I'm having a hard time seeing how you drew that conclusion, but I'm fairly certain that BE physicians can still bill. Otherwise, freshly trained docs wouldn't get paid. I would think that some insurance companies reimburse less for work done by someone who is BE as compared to BC, but many physicians right out of training are employees or salaried, so they may not realize that they get paid less per unit work performed.

Regarding privileges, I would think that a hospital's credentialing office would be able to distinguish between someone who is BE because they can't pass or won't try to pass their boards as opposed to someone who is on schedule to be BC.

The real problem, and it's only a near and intermediate term issue, is the competitive nature of the radiology marketplace. Good practices want to be able to advertise that all of their radiologists are board-certified and X% are fellowship-trained.
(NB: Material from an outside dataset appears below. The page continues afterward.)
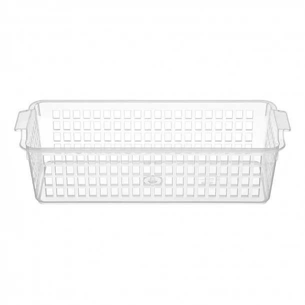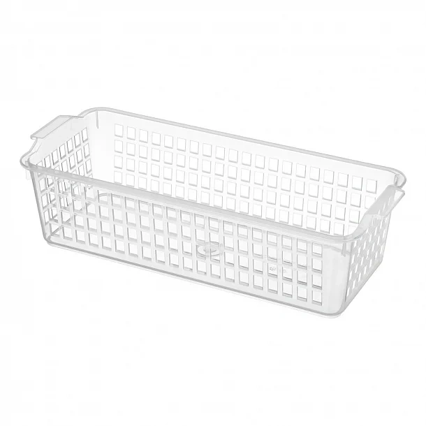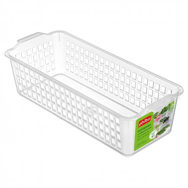 Корзинка универсальная Phibo 31,5 х 13 х 0,85 см подходит для организации хранения на кухне и в холодильнике. Сюда можно положить фрукты, овощи, йогурты, сыры и другие продукты. Высокие стенки корзинки позволят удобно хранить соусы в упаковке дой-пак. Изделие подходит для хранения специй и консервов на полках кухонных шкафов. Благодаря перфорации создается дополнительная вентиляция содержимого. Корзинки легко вкладываются друг в друга в пустом виде для экономии места на кухне. Благодаря боковым ручкам их удобно переносить или снимать с полки.

Heretofore they've been able to do that easily because radiologists were either certified at the end of residency or before fellowship ended, but they won't be able to do that truthfully for the 4 months after they hire a new radiologist out of fellowship. My suspicion is that partners will be hesitant to make those hires initially, but then - eventually - they'll realize that the only people available to hire are BE radiologists.

Agree.

The first two or three class have to compete with people in the old system. But once the system becomes established, it will become routine to hire BE.